La riforma della legislazione farmaceutica europea tocca diversi aspetti che possono avere un significativo impatto sulla capacità dell’Europa di attrarre investimenti in ricerca e sviluppo. Qual è il punto di vista di Incyte?

Si tratta di un intervento di riforma benvenuto, perché è il primo in 20 anni: è necessario perché spesso la velocità dell’innovazione non è la velocità del sistema di norme che la regola. L’attuale ecosistema dell’innovazione è cambiato e ha subito una forte accelerazione. Condividiamo gli obiettivi di fondo della riforma, ovvero promuovere un accesso equo e sempre più rapido nell’ambito dell’Unione Europea, ma come arrivare agli obiettivi fa tutta la differenza.

Cosa intende?

La proposta di revisione del pacchetto legislativo, così come è strutturata, rischia di avere l’effetto contrario alla sua proposizione, minando l’equilibrio di un comparto strategico come il nostro e penalizzando le aziende del settore che maggiormente investono in ricerca e sviluppo. A maggior ragione le realtà biotech che fondano il proprio modello di business su un altissimo coefficiente di R&D.

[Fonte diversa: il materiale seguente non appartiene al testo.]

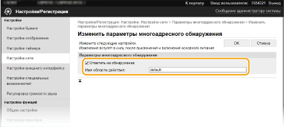 Установите этот флажок, чтобы настроить аппарат для ответа на пакеты группового обнаружения программного обеспечения управления и разрешить мониторинг с помощью программного обеспечения управления. ![]() Изменение номера порта для группового обнаружения см. в Изменение номеров портов.

Il settore biotech è infatti quello che investe in R&D più di tutti gli altri in Europa, quasi un quinto delle proprie revenue.

È così. Incyte è superiore alla media; basti pensare che solo in Italia reinveste aoltre l’80% della sua revenue in ricerca. Lo scenario è cambiato: l’innovazione non è più guidata da pochi grossi player, ma sempre più spesso nasce all’interno di aziende biotech di piccole o medie dimensioni. Rendere l’innovazione non sostenibile può portare a risultati contrari agli obiettivi perseguiti, in primis una perdita di competitività dell’Europa.

La richiesta di Ursula von der Leyen a Mario Draghi di redigere un report sulla competitività dell’EU è un segnale che sta crescendo la consapevolezza sul bisogno di mantenere l’Europa al passo con le altre Regioni del mondo.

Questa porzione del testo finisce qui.